The luck of the Irish: what to do with all the money?

Ireland is set to have a budget surplus of around ten billion euros this year, according to Finance Minister Michael McGrath. The main reason is that corporate tax revenues are much higher than expected. By 2026 the annual surplus is set to rise to over 20 billion euros. Commentators discuss what to throw the money at.

Open/close all quotes
thejournal.ie (IE) /

New homes desperately needed

The money should be used to build homes, journal.ie demands:

“Demographics suggest Ireland will have to build 50,000 houses a year for the next three decades, compared to the annual output of about 30,000 now. This can be framed as either an obstacle or an opportunity. We need to meet the demand we know will be there, which provides much-needed stability for the sector. ...We were able to do the unthinkable during Covid, shutting down much of society for long tracts of time.

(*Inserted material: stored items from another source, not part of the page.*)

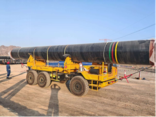 Deping technical team conducted a thorough study of the project, focusing on addressing key challenges and critical pain points in the construction process. To overcome the difficulty of transporting pipes in mountainous terrain using conventional trailers, the Deping team developed a dedicated pipe carrier based on a six-wheel-drive military chassis. This vehicle is capable of carrying steel pipes weighing approximately 10 tons, climbing up slopes exceeding 20°, and safely and efficiently transporting pipes from the laydown yard to the construction site.
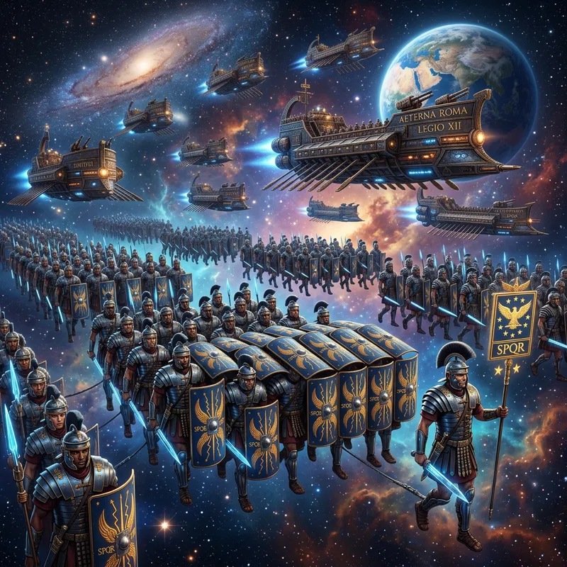 A magnificent sight of the Galactic Roman Army set against the backdrop of outer space. These are men and women from different descents including South Asian, Hispanic, Black, White and Middle-Eastern, all clad in a space-age interpretation of traditional Roman military attire, distinguishable by their segmented plate armor and iconic helmets. Each soldier is equipped with advanced technology weapons, a futuristic twist on the Roman pilum and gladius. They are in various formations, floating against a backdrop of distant stars and galaxies. A grand celestial fleet of space galleons, reminiscent of Roman warships, accompanies them.
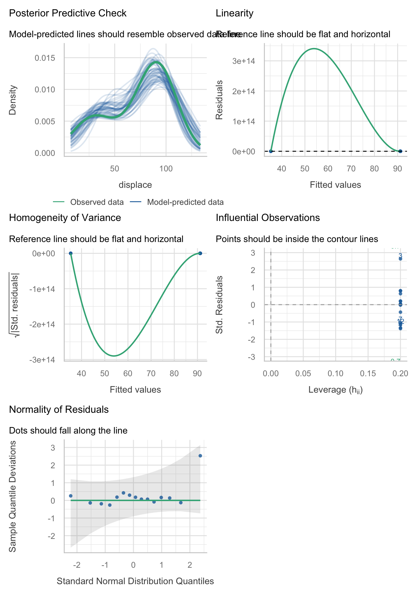 These solutions assume you have a setup code chunk at the start of your document that loads the easystats and tidyverse packages:

The housing crisis needs to be treated with comparable urgency.”

The Irish Times (IE) /

Not the time for penny pinching

Irish Times columnist David McWilliams counters the fetishisation of saving, common among many economists even in the face of a budget surplus:

“Money has a magical quality because it motivates humans to strive, innovate and turn ideas into reality. By saving at this rate, we might as well be burying this substance under the ground, waiting for future generations to dig it up and use it. Such behaviour is a betrayal of today for the comfort of tomorrow, hiding behind the sanctimonious veil of savings when what we are really doing is avoiding hard thinking, which after all is what economics is all about.”